Abstract
The foramen ovale, an atrial septal defect, which is essential in the fetal circulation, remains patent through adulthood in approximately 25% of the general population and therefore it represents the most common persistent abnormality of fetal origin. Patent foramen ovale (PFO) allows interatrial right-to-left blood shunting during those periods of the cardiac cycle in which the right atrial pressure exceeds the left one.
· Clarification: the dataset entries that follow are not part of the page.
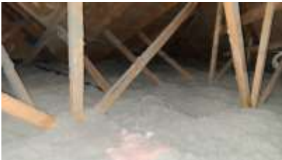
Pic. 10: Attic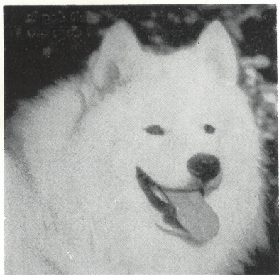
IRISH AND AMERICAN CHAMPION SNOWLAND STARA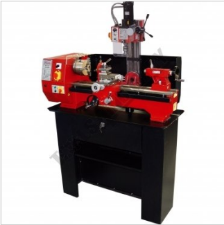
Shown Mounted to Optional AL 60 Lathe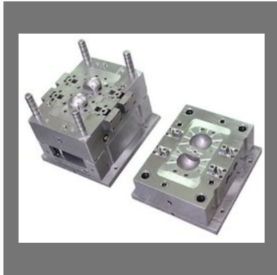
Plastic Molds for Plastic Components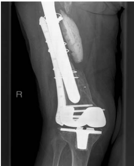
Fig. 4 Preoperatively infected metalwork right femur with osteolysis showing distal femur for the patient in Fig. 3

chronic draining sinus in the knee (patient C). Two patients (patients B and C) had previously had extensive surgeries in the whole femur, which again failed secondary to sepsis. Subsequently, these two patients were treated with a total femoral replacement.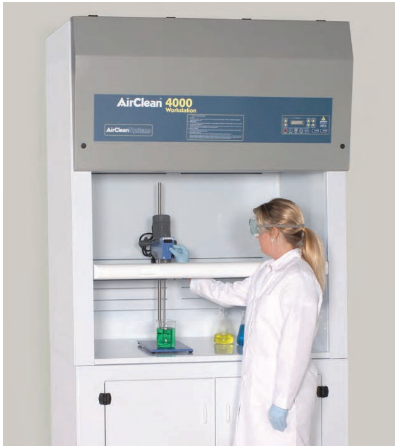
AC4000S Polypropylene Ductless Fume Hood with sliding sash, shown on optional base cabinet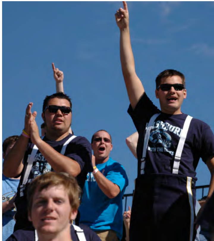
Band members display their Ichabod spirit while cheering on the football team.

Petitions are available through Academic Advising in Morgan Hall 122. For transfer students or former Washburn students who have subsequently attended another institution, an official copy of all transcripts must be on file in the Office of Admissions before the application is considered. Students must apply 30 days before each semester's enrollment period.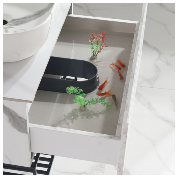
Ligthweight & waterproof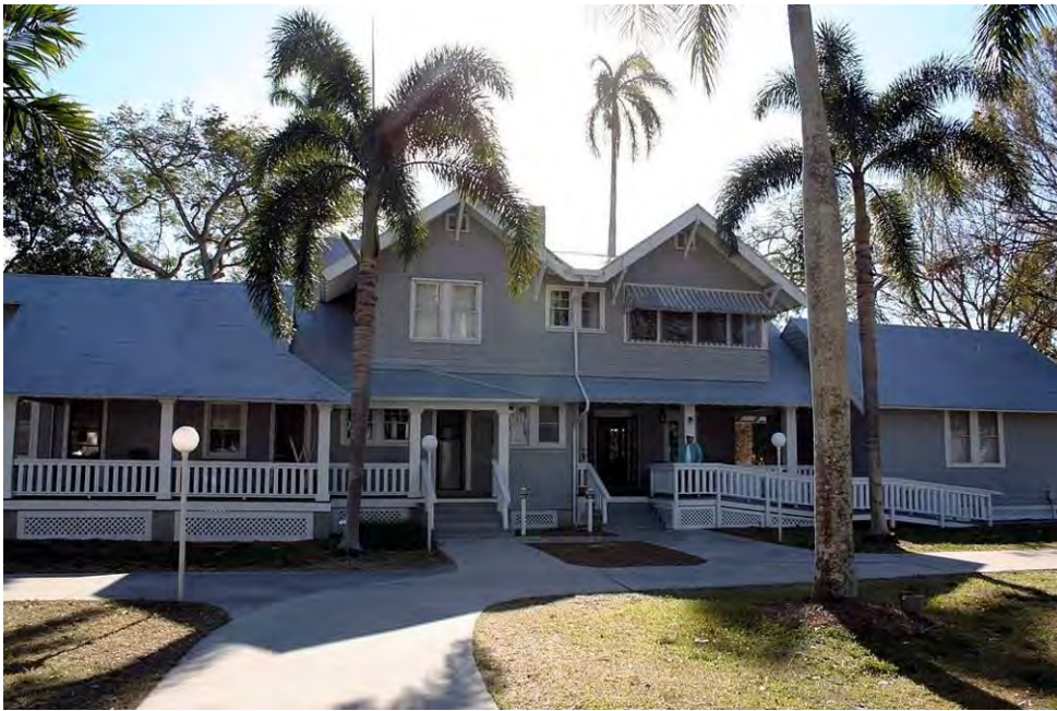
Henry Ford's Fort Meyers Winter Estates, "The Mangoes".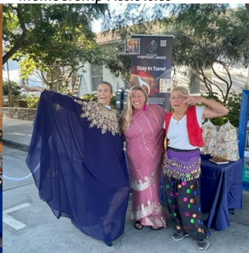
Having Fun at Sheherazade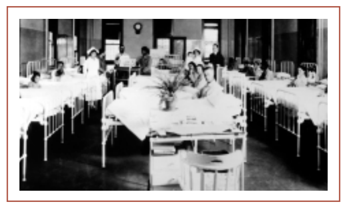
Women's ward in the contagious disease hospital at Ellis Island, N.J., ca.1922, courtesy of National Park Service, Statue of Liberty National Monument and Ellis Island Immigration Museum.

The preceding tables make it possible to classify the state's nongovernmental repositories in terms of overall quality. The presence of paid professional staff and adequate climate controls are arguably the most basic elements in operating a sound archival program. Moreover, improving them may lie beyond the fiscal resources that will be available to the New Jersey SHRAB. With funding from the legislature and NHPRC, the board and other granting agencies can provide enough archival supplies and training to turn a poor repository into an excellent one—provided that the organization has sufficient dedicated and skilled personnel to organize and make available its collections, and the proper security and environmental controls to prevent their eventual loss or disintegration.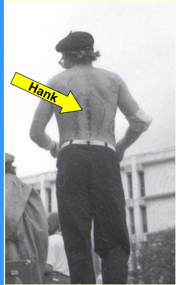
Dreaming The Dream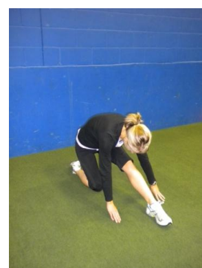
Split Kneel Hip Flexor 3 Way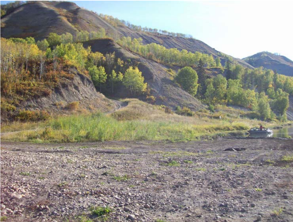
Photo 60. Shoreline Access C.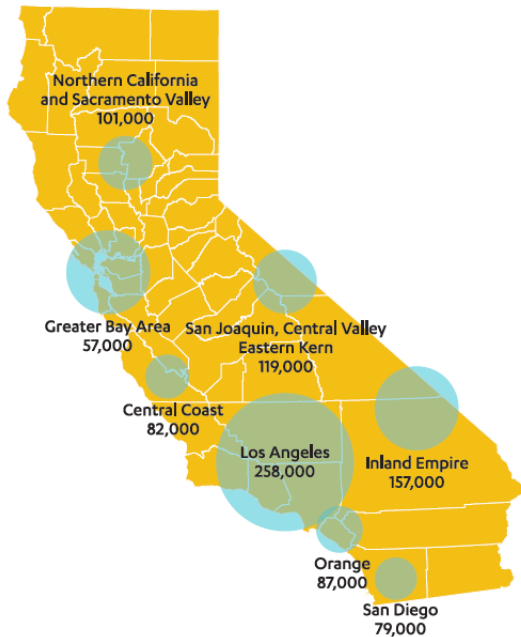
Figure 2: One Million Uninsured Californians Are Eligible for Financial Help

Covered California enters open enrollment with 1.7 million consumers. However, new data shows that there are more than 1 million uninsured Californians who are eligible for financial help to bring the cost of coverage within reach, including 57,000 people in the Greater Bay Area.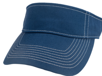
DEEP WATER | 5067DPW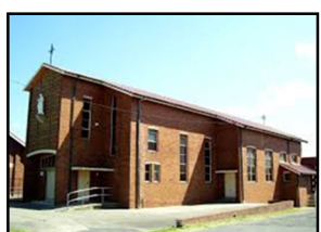
St Peter-in-Chains Stockton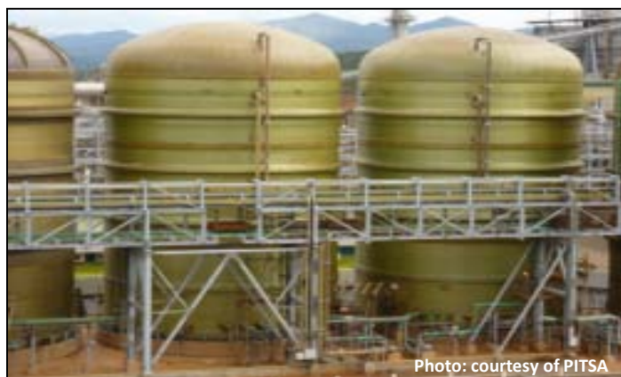
Figure 3 Large-diameter Advantex® Glass FRP tanks used for storing hydrochloric acid provides superior corrosion resistance

Despite the corrosion industry’s propensity for using high-cost metal alloys with various coating technologies to extend the life of metallic structures in highly corrosive environments, Advantex® glass reinforced FRP materials serve as a higher performing alternative to expensive metal alloys. These Advantex® glass FRP materials provide lightweight (seven times lighter than CS), superior corrosion performance (of years to days/weeks with E-Glass-FRP/metals), and design flexibility for producing both large- and small- scale structures (figure 3). And, unlike structures made with metal alloys, those made with FRP materials with Advantex® glass do not require coating or painting resulting in savings in the overall project cost (direct and indirect costs).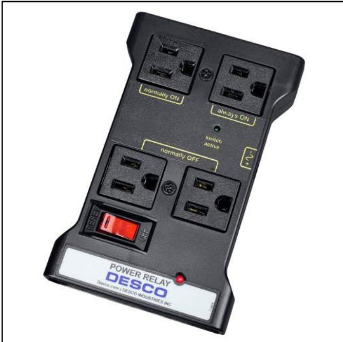
Figure 1. Desco 19333 Power Relay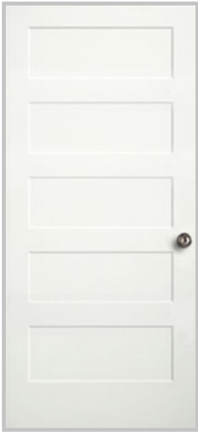
Standard Hinge Locations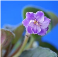
Magic Blue (H. Pittman) Double dark blue/white edge. Plain. Semi miniature

Little Pro Semi double pink. Dark green, quilted, pointed/red back. Semi miniature.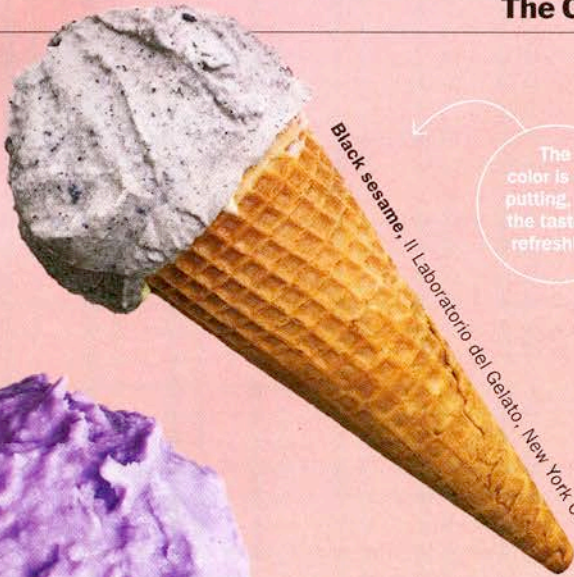
Black sesame. Il Laboratorio del Gelato, New York City

The color is off-putting, but the taste is refreshing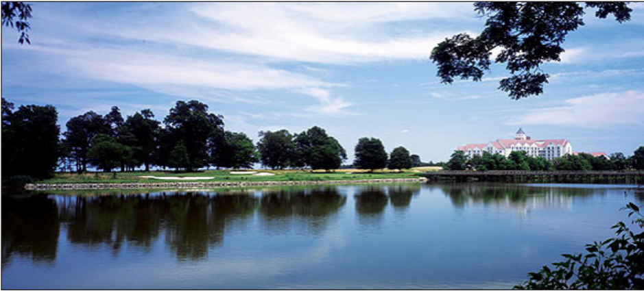
The River Marsh Golf Club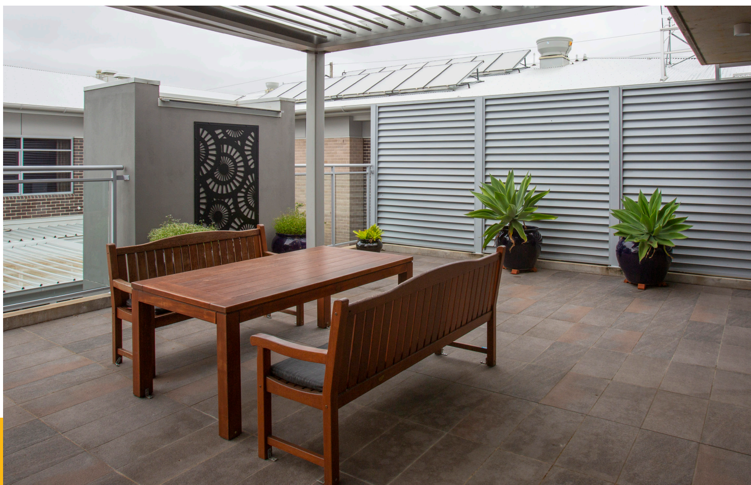
Top left - Receive professional care with a personal touch at IRT Tarrawanna.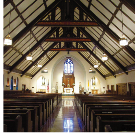
Sanctuary of St. Bridget Church

On September 15th, an old-fashioned Parish Picnic will take place for all ages to join in.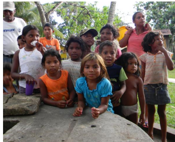
Children in Kisalaya gather around a well built in partnership with MADRE.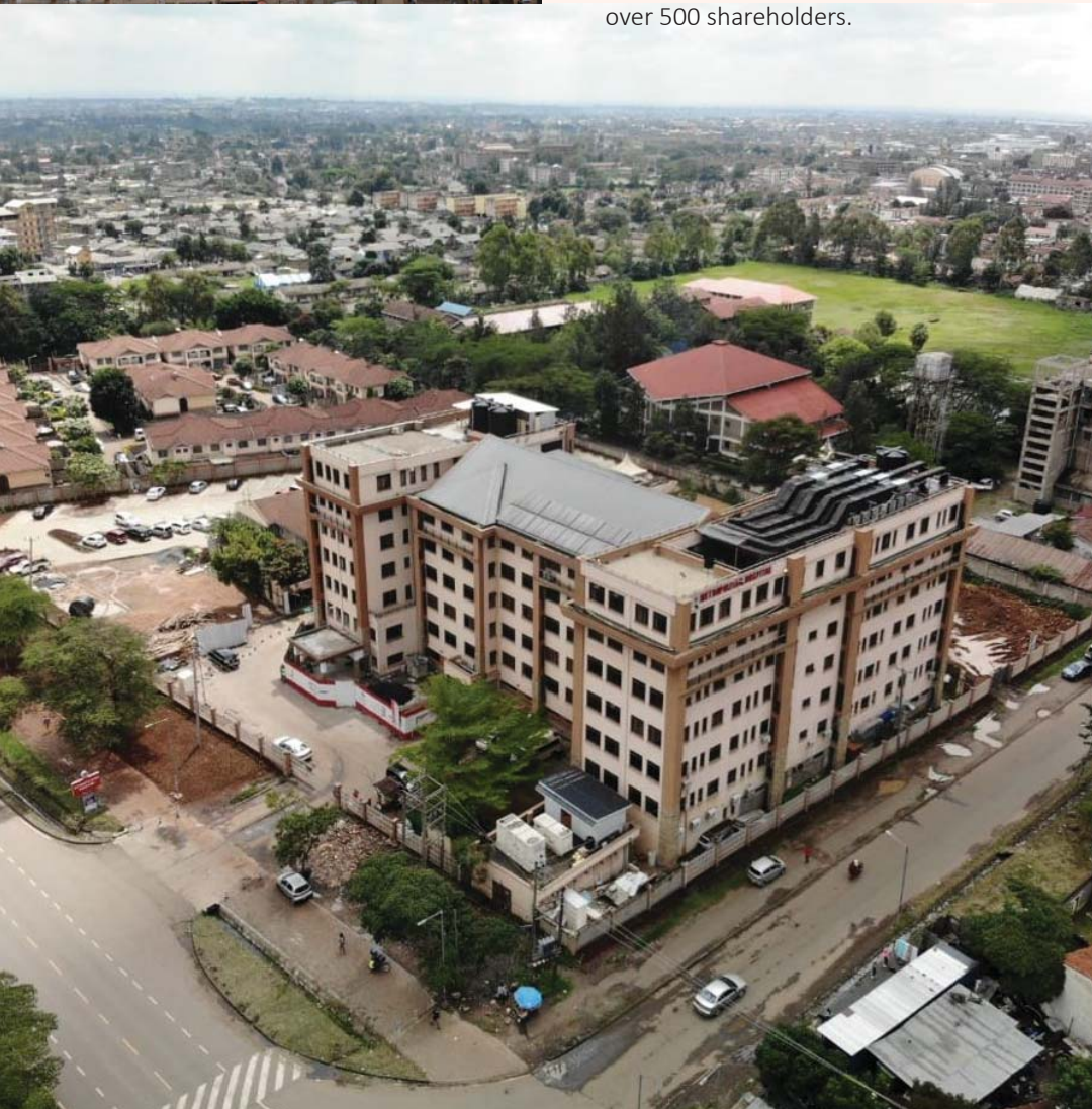
Aerial view of the hospital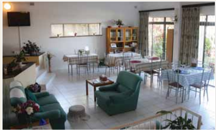
Part of the dining room and lounge. Ready-made kosher meals and a la carte menu available.

Umhlanga Kosher Accommodation is situated in the heart of this beautiful coastal resort town. Guests have the choice of staying in the bed & breakfast suites or choosing the kosher self-catering chalets. The Umhlanga Kosher Accommodation has everything to offer the holidaymaker or business person, with tropical surroundings, style, comfort combined with warm hospitality and personal service.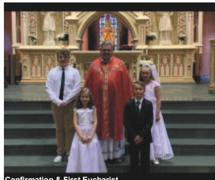
Confirmation & First Eucharist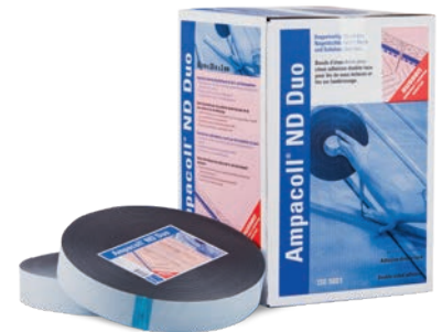
Ampacoll® ND duo Nail sealing tape adhesive on both sides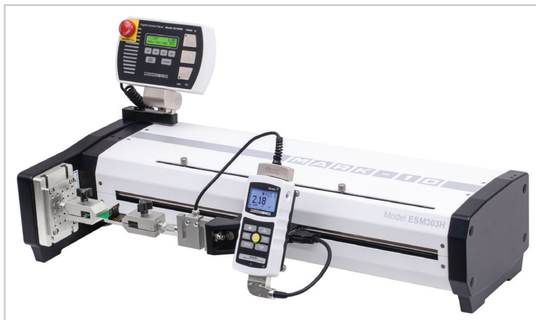
^ ESM303H is shown above configured for a peel test, with a Model M7i indicator, Series R01 load cell, and G1008 film and paper grips.

The ESM303H is a highly configurable horizontal force tester for tension and compression measurement applications up to 300 lbF [1.5 kN], with a rugged design suitable for laboratory and production environments. Sample setup and fine positioning are a breeze with available FollowMe™ force-based positioning - using your hand as your guide, push and pull on the load cell to move the crosshead at a variable rate of speed.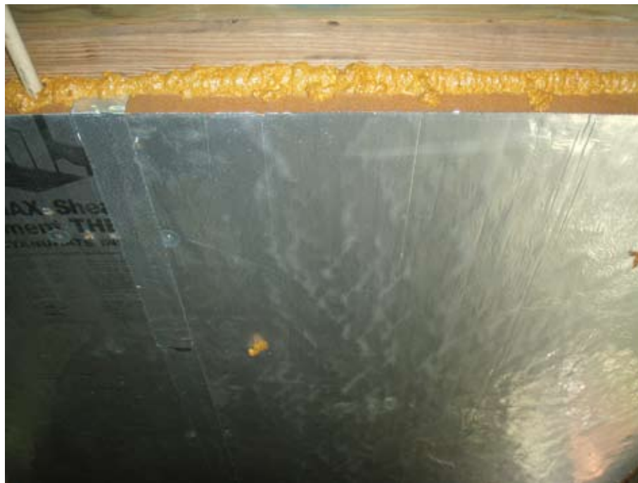
Figure 4a. Example of rigid, foil-faced polyisocyanurate foam.

Air temperature and humidity were measured with data loggers placed indoors, outdoors and in crawl spaces. Moisture content and temperature of the wood or plywood subfloor was measured, typically twice each month. Monitoring started in October 2008 and concluded in October 2009.

An increasing number of pathological manifestations of PFO has been recently identified; among these, paradoxical systemic embolism, refractory hypoxemia in patients with right ventricular myocardium infarction or severe pulmonary disease, orthostatic oxygen desaturation in the rare platypnea-orthodeoxia syndrome, neurological decompression illness in divers, high altitude pilots and astronauts, and finally, migraine headache with aura. Nowadays, many techniques allow to detect a PFO. In this study, we investigated each of them, assessing their potential diagnostic role even in comparison with the main features of the other methods.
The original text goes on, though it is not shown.